周悅見周天運也沒主意,他看向趙青海,說道:“海哥,你是不是也能對付鬼?”
趙青海雖然學了幾種對付鬼的方法,但是他隻是用過陽符,其他的手法也沒試過,心裡也沒把握,搖搖頭說道:“我也不會,要不咱們先等等劉先生吧。”
坐在樹乾上等了一陣子,剛才跑的時候出了一身汗,現在三個人都感到寒氣襲人。身上越冷,周悅的氣兒越不打一處來,不停的嘮叨,埋怨劉先生丟下他們自己跑了。
一陣踩在枯樹葉上的聲音傳來,聲音很急促,三個人剛剛放松的神經馬上又繃緊,都緊張的看著聲音傳來的方向,周悅也不說話了。
“他們又追來啦。”周天運聲音顫抖的說著,就要跑。
趙青海急忙拉住他說道:“周先生,剛才追咱們的東西很多,這個聽聲音是一個人。”
三個人躲在一棵大樹後面,看著聲音傳來的方向,很快一道刺眼的手電筒的光線傳來,三個人看清是帶路的那個村民,才松口氣,從大樹後面出來。
三個人一出來,把小心翼翼往前走的村民差點兒嚇跑,趙青海急忙喊道:“大哥,是我們。”
村民一屁股坐在地上,關掉手裡的手電筒長出一口氣說道:“我還以為被那些鬼追到了,差點兒嚇死我。”

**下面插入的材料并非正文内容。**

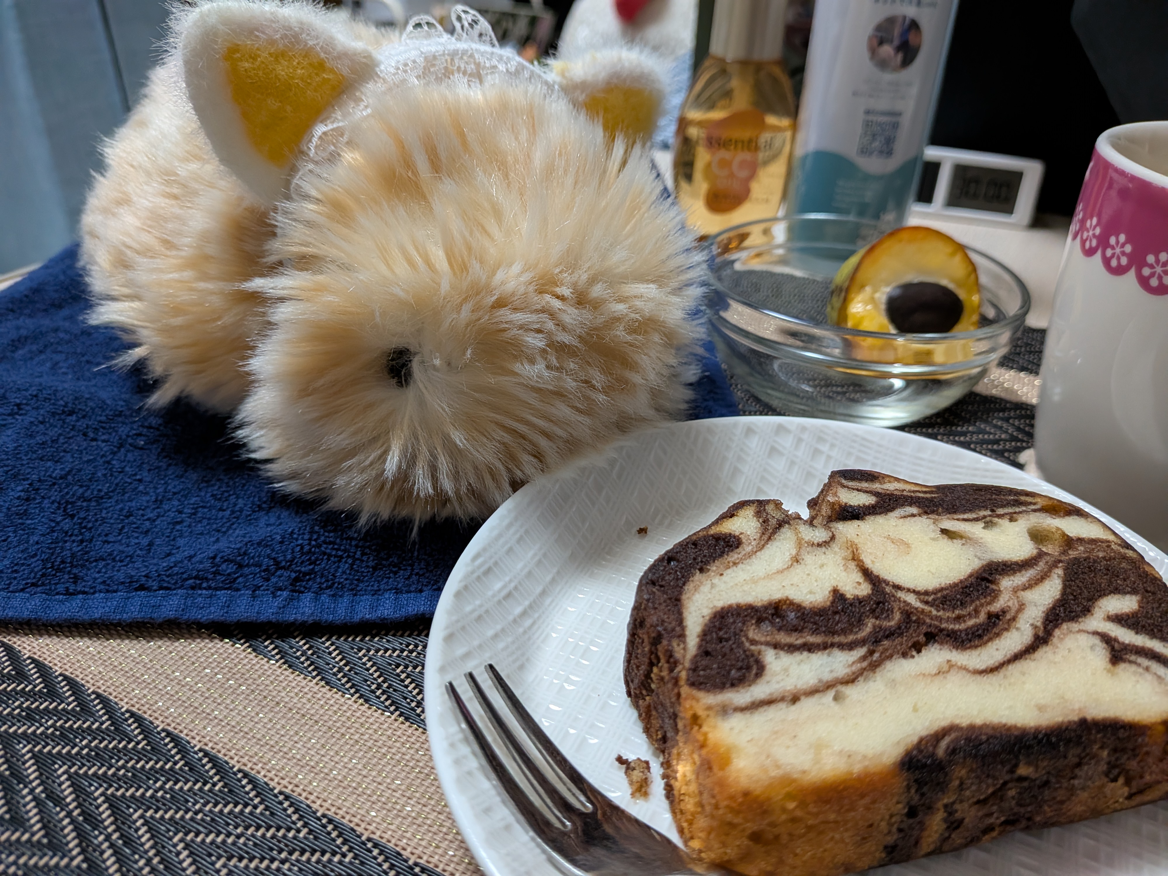 最近おうちdeシャンプーできるセットを買ったのでふわふわつやつやな毛並みで祝われてご満悦なこまりさんとモカミルクパウンドケーキ。香月堂のモカミルクパウンドが程良いお味・美味しさでちょっとしたご褒美にぴったりで最近ちょっとハマってる。

村民和他們說了一下自己的經歷,原來他比趙青海他們先跑出來的,他擔心趙青海他們出不來,就在附近等著。等了一陣子沒等著人,準備先離開石人溝,等天亮再下來找他們。
四個人雖然身上有多處摔出淤青,但是有驚無險,心裡都很高興,現在他們隻擔心劉先生逃不出來。
“放心吧二叔,劉先生會對付鬼,他現在一定躲在什麽地方等天亮哪。”周悅安慰周天運說道。
五月天兒,燕山剛剛披上綠裝,後半夜還是寒氣逼人,在寒冷中挨到天亮,四個人都快被凍僵了。當天逐漸亮了起來,大家發現,不知道什麽時候烏雲密布,好象快要下雨了。
天一亮,村民就能清楚的分辨周圍的環境了,他看了看說道:“咱們在石人溝中部,往外走幾裡路就能找到地方。”
等了大半夜也沒等著劉先生,四個人商量了一下,準備先去放周環屍體的位置,然後再做打算。
在村民的帶領下,他們很快就來到放置周環屍體的位置,這裡是在一個高高的斷崖下面,周環就是摔下斷崖摔死的。
看守屍體的兩個村民穿著軍大衣,卷縮在草叢裡,看見他們來了都很高興,由於他們來晚了,嘴裡嘮嘮叨叨的埋怨,周悅聽的不耐煩,瞪眼吼了一嗓子,他們才停下。
周天運看見屍體又哭了起來,裝壽衣的包跑丟了,不用給屍體換衣服,趙青海見暫時沒自己什麽事兒,坐在一塊兒石頭上等著。
十多分鍾後,在村民和周悅的勸說下,周天運才不哭了,村民從兜裡掏出一塊兒塑料布鋪在地上,和趙青海把摔的血肉模糊的周環裹住,趙青海背起周環的屍體,大家匆匆忙忙的離開了石人溝。
上了石人溝,周天運決定他和趙青海、帶路的村民先走,讓兩個看屍體的村民和周悅去找劉先生。如果過了中午找不到,就趕快往回趕,爭取在天黑前回到村子。